* _Work task_:
Transcribe the entries below exactly; leave every image out.

* _Supplied records_:
-------------------------

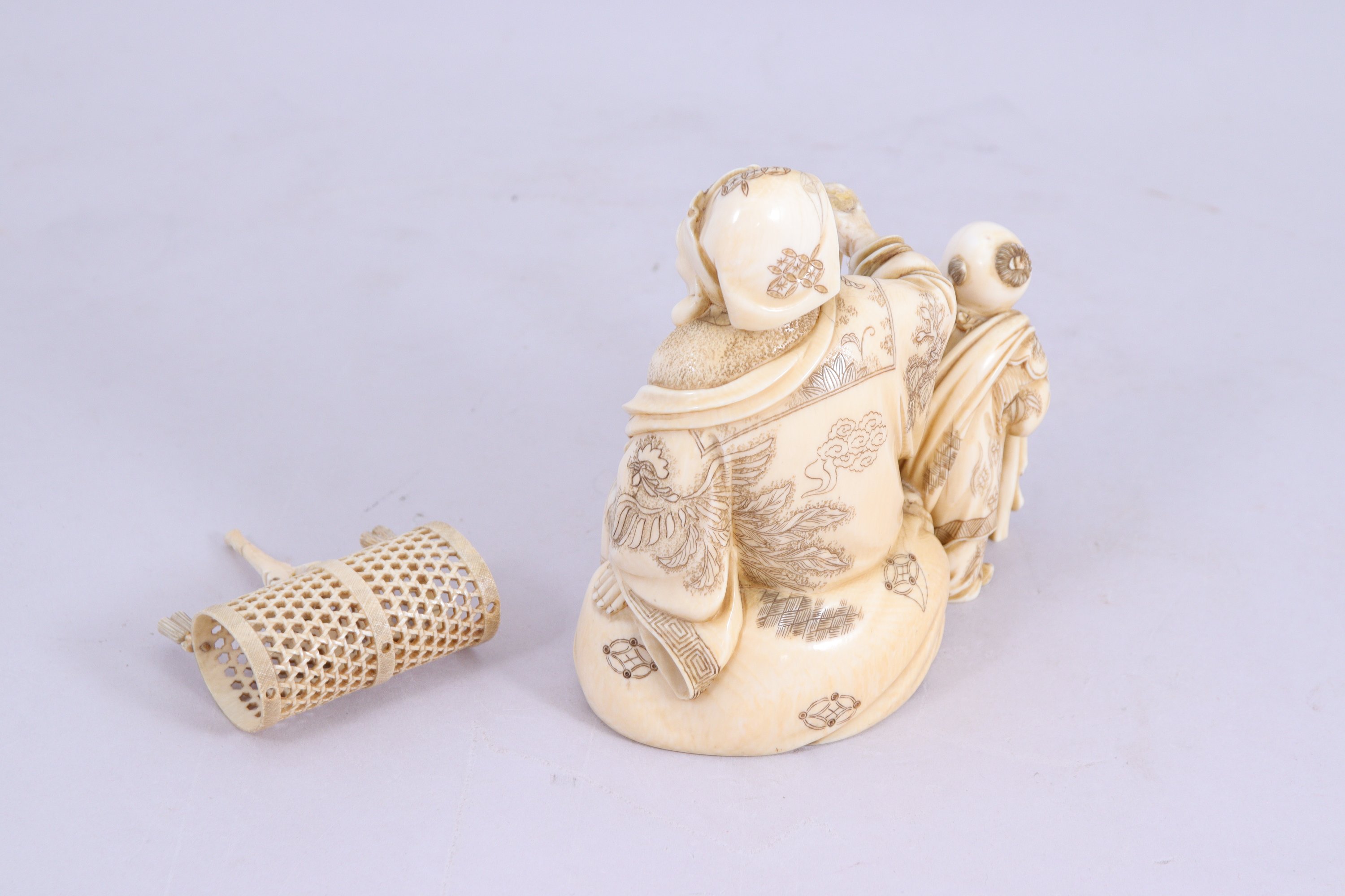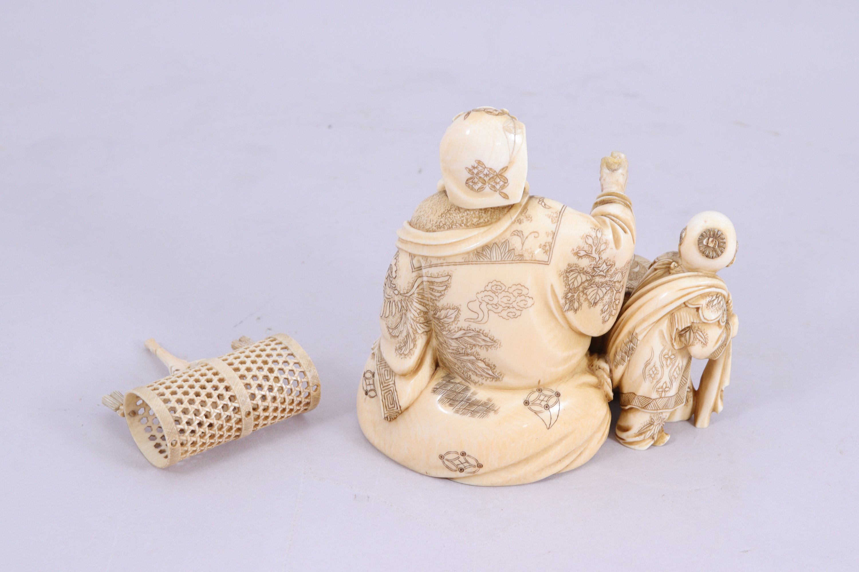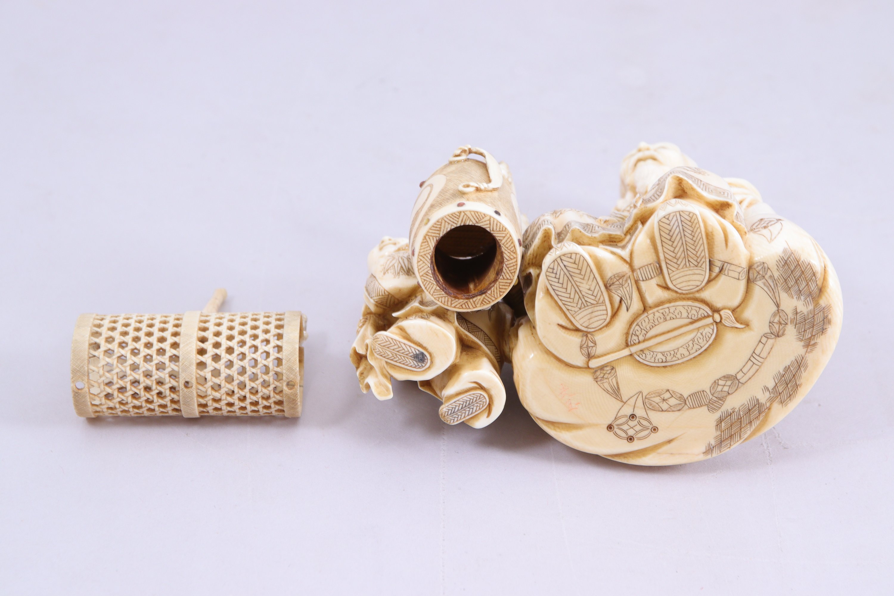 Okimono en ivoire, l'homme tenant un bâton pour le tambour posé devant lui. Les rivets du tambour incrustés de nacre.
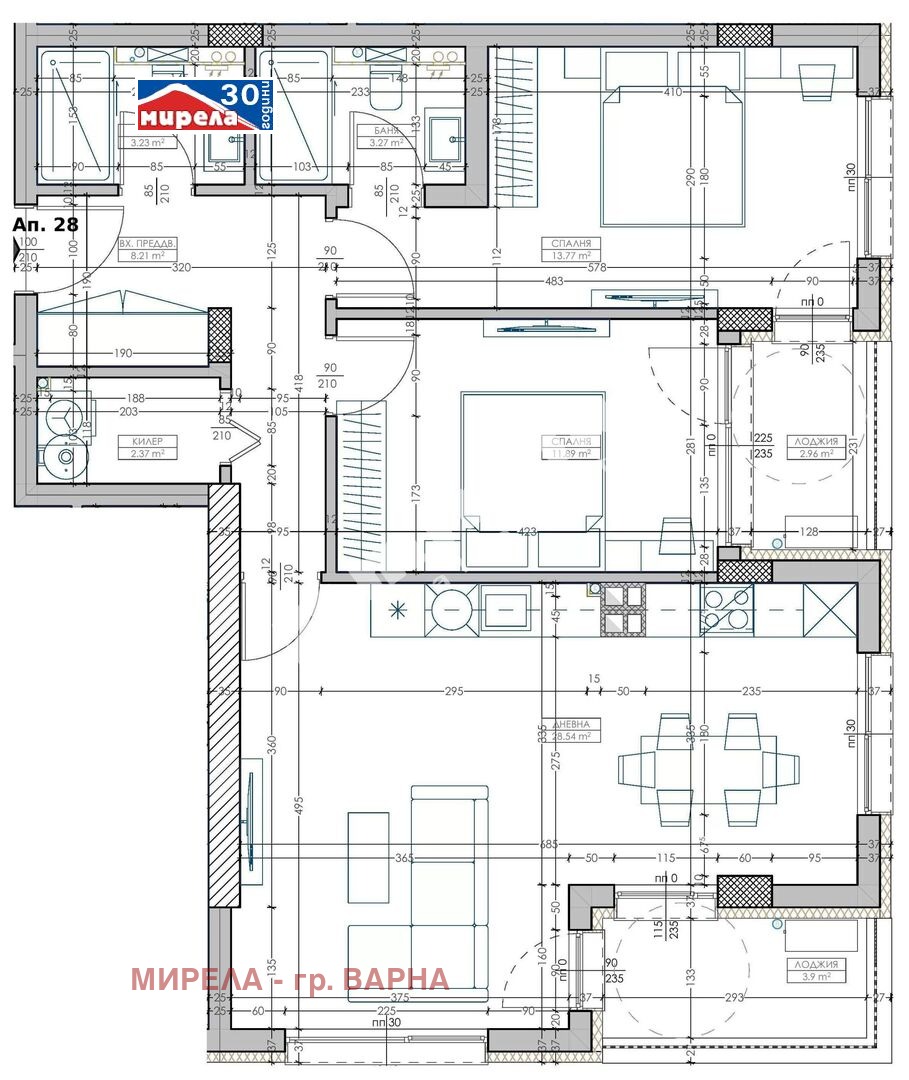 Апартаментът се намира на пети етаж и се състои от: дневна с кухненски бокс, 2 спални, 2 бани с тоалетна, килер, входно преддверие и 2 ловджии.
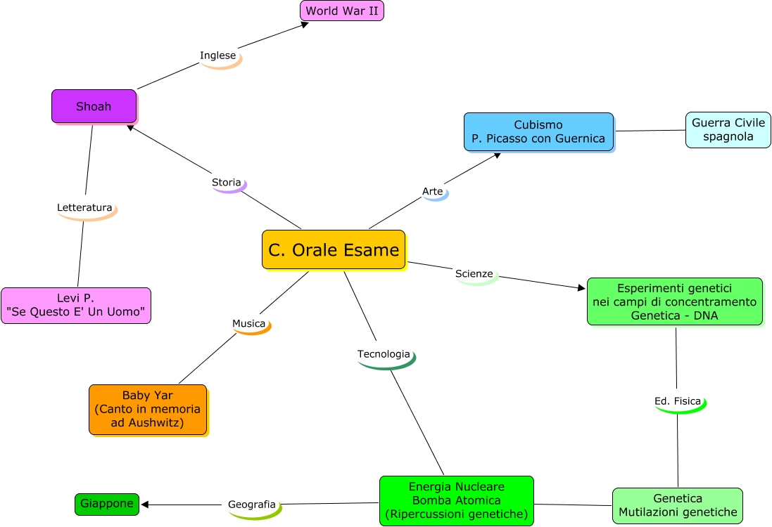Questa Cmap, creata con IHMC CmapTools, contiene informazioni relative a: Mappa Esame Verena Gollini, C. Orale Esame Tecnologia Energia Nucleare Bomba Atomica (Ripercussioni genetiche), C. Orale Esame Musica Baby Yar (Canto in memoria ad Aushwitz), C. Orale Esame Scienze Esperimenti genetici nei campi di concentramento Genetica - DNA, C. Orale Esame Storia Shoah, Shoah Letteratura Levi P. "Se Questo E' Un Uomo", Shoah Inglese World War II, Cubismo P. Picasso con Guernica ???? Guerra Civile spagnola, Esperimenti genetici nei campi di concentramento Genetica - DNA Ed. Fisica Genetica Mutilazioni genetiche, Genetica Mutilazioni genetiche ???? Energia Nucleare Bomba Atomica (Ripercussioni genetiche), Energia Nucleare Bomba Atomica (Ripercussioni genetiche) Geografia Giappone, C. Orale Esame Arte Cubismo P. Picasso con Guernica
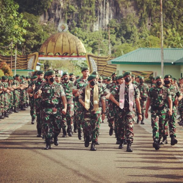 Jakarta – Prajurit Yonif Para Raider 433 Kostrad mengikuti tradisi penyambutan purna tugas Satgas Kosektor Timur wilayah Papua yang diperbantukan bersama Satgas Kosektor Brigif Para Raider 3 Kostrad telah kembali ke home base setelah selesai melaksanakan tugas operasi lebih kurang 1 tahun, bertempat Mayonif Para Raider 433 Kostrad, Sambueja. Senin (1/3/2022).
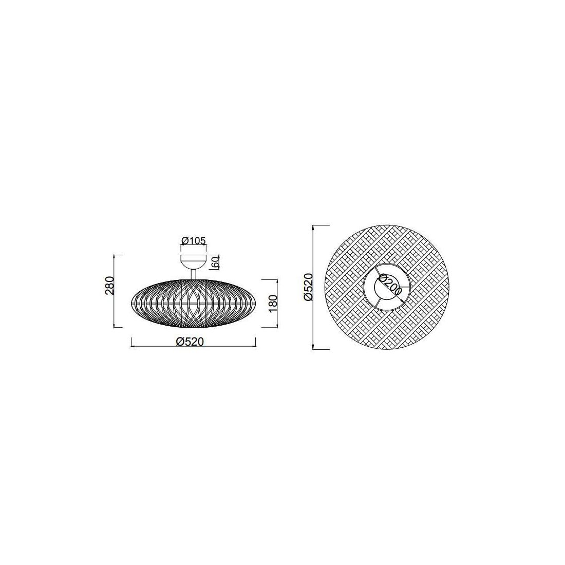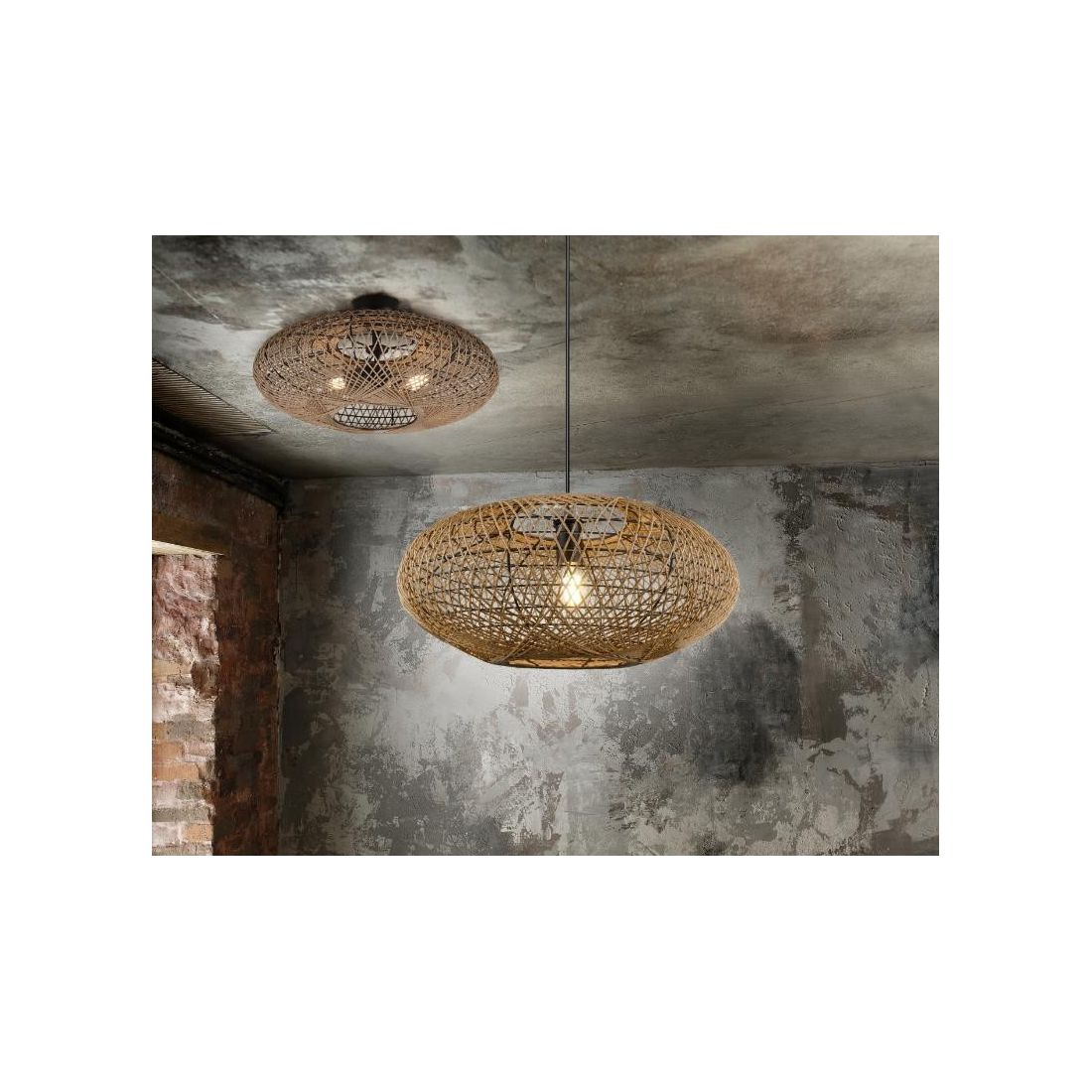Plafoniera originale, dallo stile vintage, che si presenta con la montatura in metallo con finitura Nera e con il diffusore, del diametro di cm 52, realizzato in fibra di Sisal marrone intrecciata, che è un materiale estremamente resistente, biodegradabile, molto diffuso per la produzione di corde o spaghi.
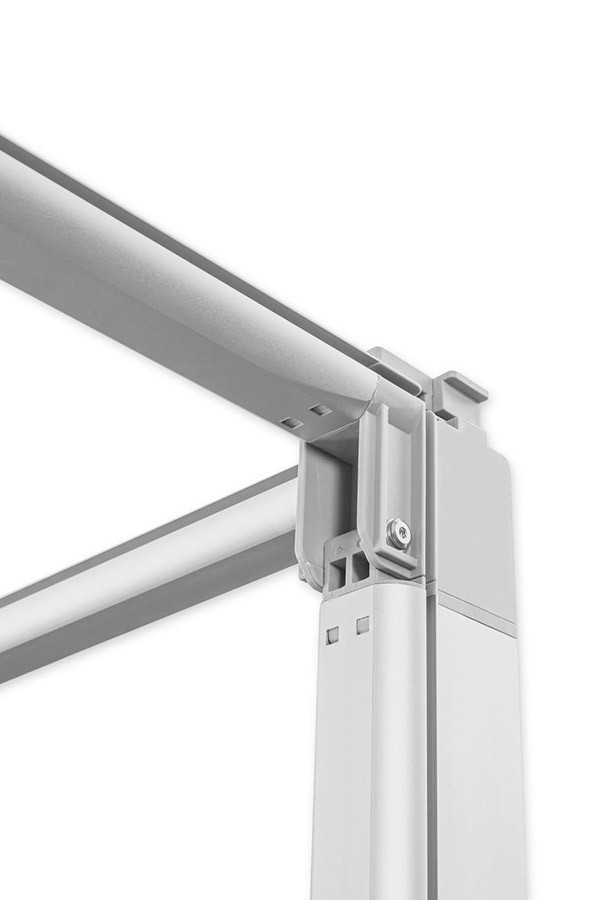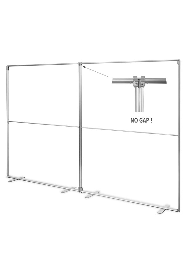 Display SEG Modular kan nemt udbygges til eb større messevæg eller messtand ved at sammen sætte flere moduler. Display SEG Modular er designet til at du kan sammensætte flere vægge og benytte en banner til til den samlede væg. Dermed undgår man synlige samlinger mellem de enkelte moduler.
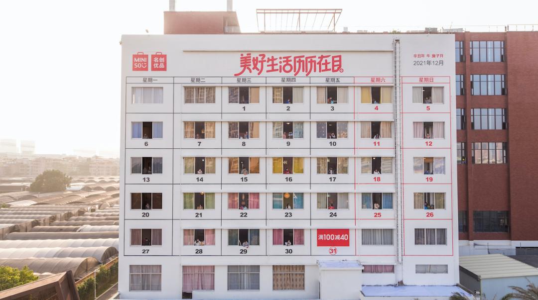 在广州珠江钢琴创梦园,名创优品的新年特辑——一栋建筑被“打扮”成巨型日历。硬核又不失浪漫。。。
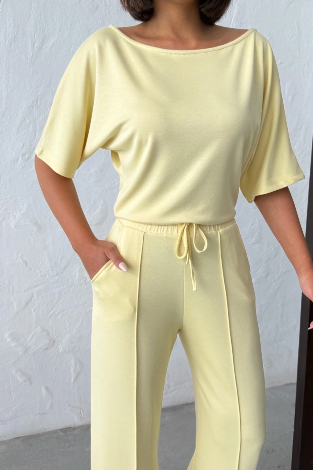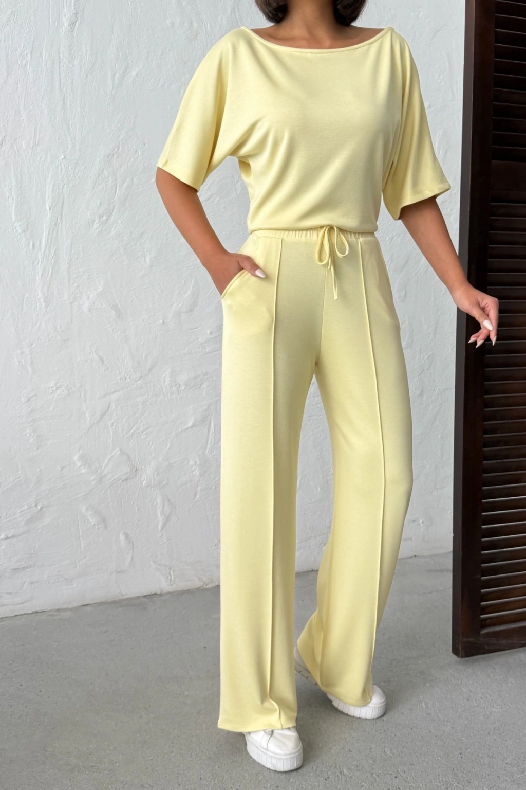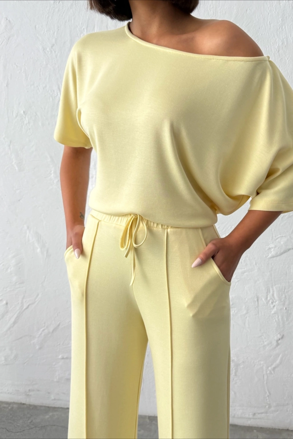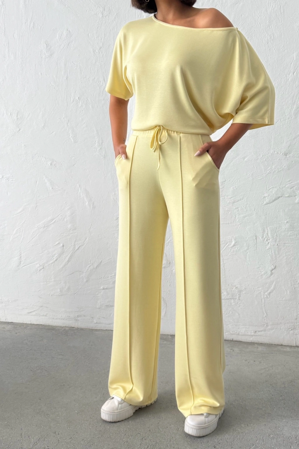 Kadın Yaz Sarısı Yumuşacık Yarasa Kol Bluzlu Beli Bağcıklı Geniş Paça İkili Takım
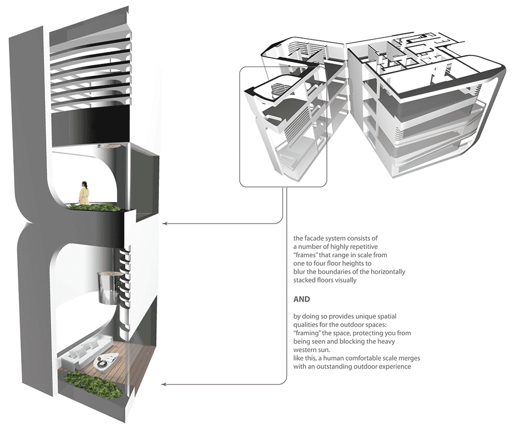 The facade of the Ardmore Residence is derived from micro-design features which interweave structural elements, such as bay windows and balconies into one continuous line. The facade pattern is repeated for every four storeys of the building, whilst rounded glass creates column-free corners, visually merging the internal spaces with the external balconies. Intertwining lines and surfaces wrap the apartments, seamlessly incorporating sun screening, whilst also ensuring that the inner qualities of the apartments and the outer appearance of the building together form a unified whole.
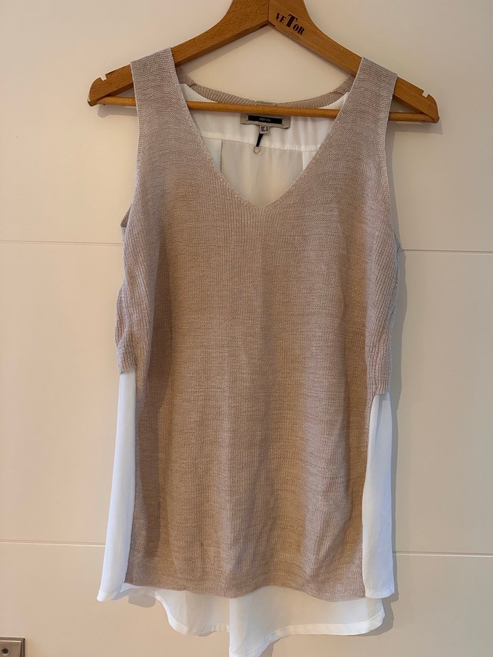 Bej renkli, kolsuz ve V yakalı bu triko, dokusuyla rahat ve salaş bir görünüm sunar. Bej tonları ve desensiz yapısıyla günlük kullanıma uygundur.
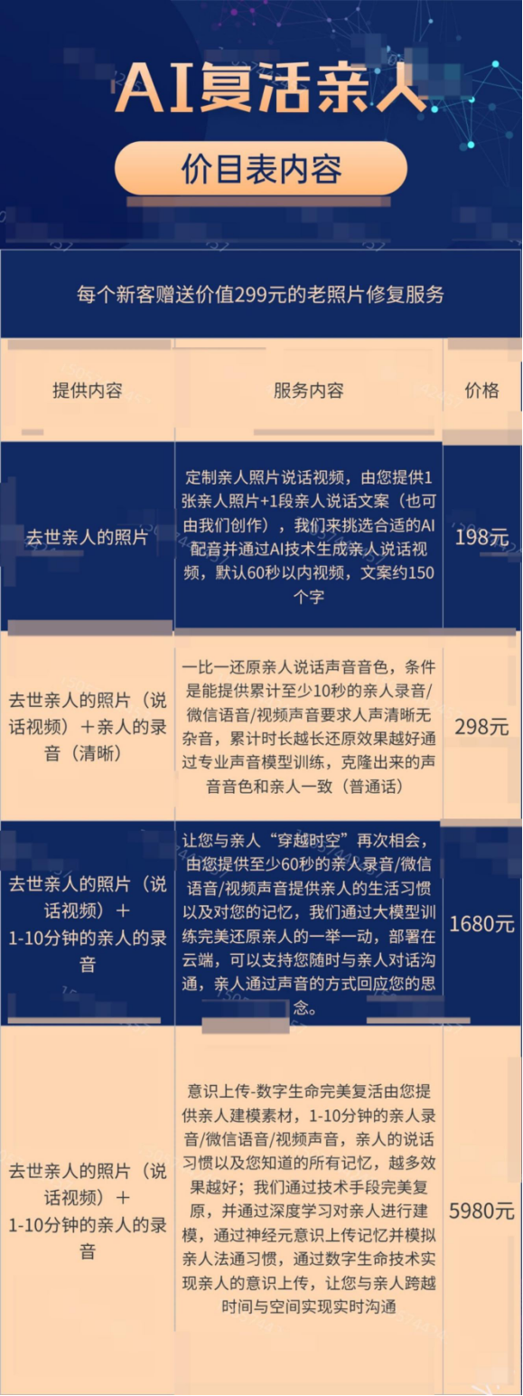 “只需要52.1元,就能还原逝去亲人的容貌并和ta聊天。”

-------------------------

* _Task output_:
 Okimono en ivoire, l'homme tenant un bâton pour le tambour posé devant lui. Les rivets du tambour incrustés de nacre.
 Апартаментът се намира на пети етаж и се състои от: дневна с кухненски бокс, 2 спални, 2 бани с тоалетна, килер, входно преддверие и 2 ловджии.
Questa Cmap, creata con IHMC CmapTools, contiene informazioni relative a: Mappa Esame Verena Gollini, C. Orale Esame Tecnologia Energia Nucleare Bomba Atomica (Ripercussioni genetiche), C. Orale Esame Musica Baby Yar (Canto in memoria ad Aushwitz), C. Orale Esame Scienze Esperimenti genetici nei campi di concentramento Genetica - DNA, C. Orale Esame Storia Shoah, Shoah Letteratura Levi P. "Se Questo E' Un Uomo", Shoah Inglese World War II, Cubismo P. Picasso con Guernica ???? Guerra Civile spagnola, Esperimenti genetici nei campi di concentramento Genetica - DNA Ed. Fisica Genetica Mutilazioni genetiche, Genetica Mutilazioni genetiche ???? Energia Nucleare Bomba Atomica (Ripercussioni genetiche), Energia Nucleare Bomba Atomica (Ripercussioni genetiche) Geografia Giappone, C. Orale Esame Arte Cubismo P. Picasso con Guernica
 Jakarta – Prajurit Yonif Para Raider 433 Kostrad mengikuti tradisi penyambutan purna tugas Satgas Kosektor Timur wilayah Papua yang diperbantukan bersama Satgas Kosektor Brigif Para Raider 3 Kostrad telah kembali ke home base setelah selesai melaksanakan tugas operasi lebih kurang 1 tahun, bertempat Mayonif Para Raider 433 Kostrad, Sambueja. Senin (1/3/2022).
Plafoniera originale, dallo stile vintage, che si presenta con la montatura in metallo con finitura Nera e con il diffusore, del diametro di cm 52, realizzato in fibra di Sisal marrone intrecciata, che è un materiale estremamente resistente, biodegradabile, molto diffuso per la produzione di corde o spaghi.
 Display SEG Modular kan nemt udbygges til eb større messevæg eller messtand ved at sammen sætte flere moduler. Display SEG Modular er designet til at du kan sammensætte flere vægge og benytte en banner til til den samlede væg. Dermed undgår man synlige samlinger mellem de enkelte moduler.
 在广州珠江钢琴创梦园,名创优品的新年特辑——一栋建筑被“打扮”成巨型日历。硬核又不失浪漫。。。
 Kadın Yaz Sarısı Yumuşacık Yarasa Kol Bluzlu Beli Bağcıklı Geniş Paça İkili Takım
 The facade of the Ardmore Residence is derived from micro-design features which interweave structural elements, such as bay windows and balconies into one continuous line. The facade pattern is repeated for every four storeys of the building, whilst rounded glass creates column-free corners, visually merging the internal spaces with the external balconies. Intertwining lines and surfaces wrap the apartments, seamlessly incorporating sun screening, whilst also ensuring that the inner qualities of the apartments and the outer appearance of the building together form a unified whole.
 Bej renkli, kolsuz ve V yakalı bu triko, dokusuyla rahat ve salaş bir görünüm sunar. Bej tonları ve desensiz yapısıyla günlük kullanıma uygundur.
 “只需要52.1元,就能还原逝去亲人的容貌并和ta聊天。”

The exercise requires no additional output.